Восседая под картами и красивыми фотографиями плантаций и зданий Компании, высшее начальство громко вещало, не отрывая глаз от Пайла, кривя губы и морща лоб под хохолком волос.
Не обращая внимания на приглушенный звонок телефона, оно взяло со стола папку бумаг и протянуло ее посетителю. Потом повернулось всем неподвижным корпусом, словно на шарнирах, взяло трубку длинными, утолщенными на концах пальцами и сказало: «Алло».
Мистер Пайл на бумаги почти не взглянул, он их знал. Держа их в руке, он дождался, пока начальство повесит трубку, и медленно заговорил:
– Дальше нам идти не стоит. Я думаю так: если бы мы не основывали новых плантаций, а покупали фрукты у частных лиц, это дало бы в перспективе немалую выгоду. Условия труда меняются во всем мире с каждым днем, а у нас, как это ни жаль, нет яда, убивающего социализм так же верно, как бордосская жидкость убивает болезнь на деревьях.

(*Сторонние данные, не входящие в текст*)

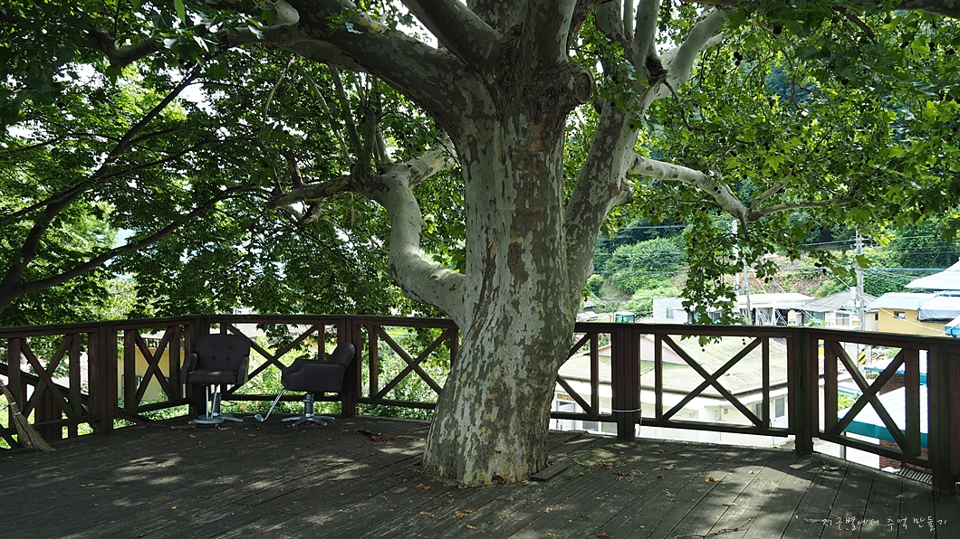 보통 느티나무나 팽나무가 시골 쉼터에 자리하고 있는데 이곳에는 플라타너스가 대신하고 있습니다..

– Прекрасно. Скоро доклад будет составлен, и мы отправим его наверх.
Туманное слово, которым начальство определяло верховную чикагскую власть «Тропикаль платанеры», всегда раздражало Джона Пайла, но сейчас он просто взорвался.
– На этом вашем верху скоро узнают, что у нас творится! Тогда нам не помогут ни угрозы, что мы уберемся, ни корабли, ни дипломаты!
– Быть может, все думают так же, но выход, как всегда, есть. Там, наверху, сделают сперва дела срочные, а потом и этим займутся – выслушают ваш приговор, мистер Пайл.
Старина Джон простился с начальством, которое, как-то глупо опустив руки, осталось сидеть за столом. Нельзя терять время, беседуя попусту с теми, кто не видит грядущей действительности, сменяющей действительность сегодняшнюю.
Чтобы утешиться, он пошел в Американский клуб. Там он всех знал. И бармен, и официанты сердечно поздоровались с ним, и негр-швейцар, и распорядитель по имени Чило. Заказывать выпивку ему не пришлось. Пока он укладывал шляпу и бумаги на большую стойку, перед ним поставили обычную стопку виски и бутылку минеральной воды, которая улыбалась ему всеми пузырьками.
– Горяченького поешьте, мистер Пайл… – сказал ему бармен Хасинто Монтес.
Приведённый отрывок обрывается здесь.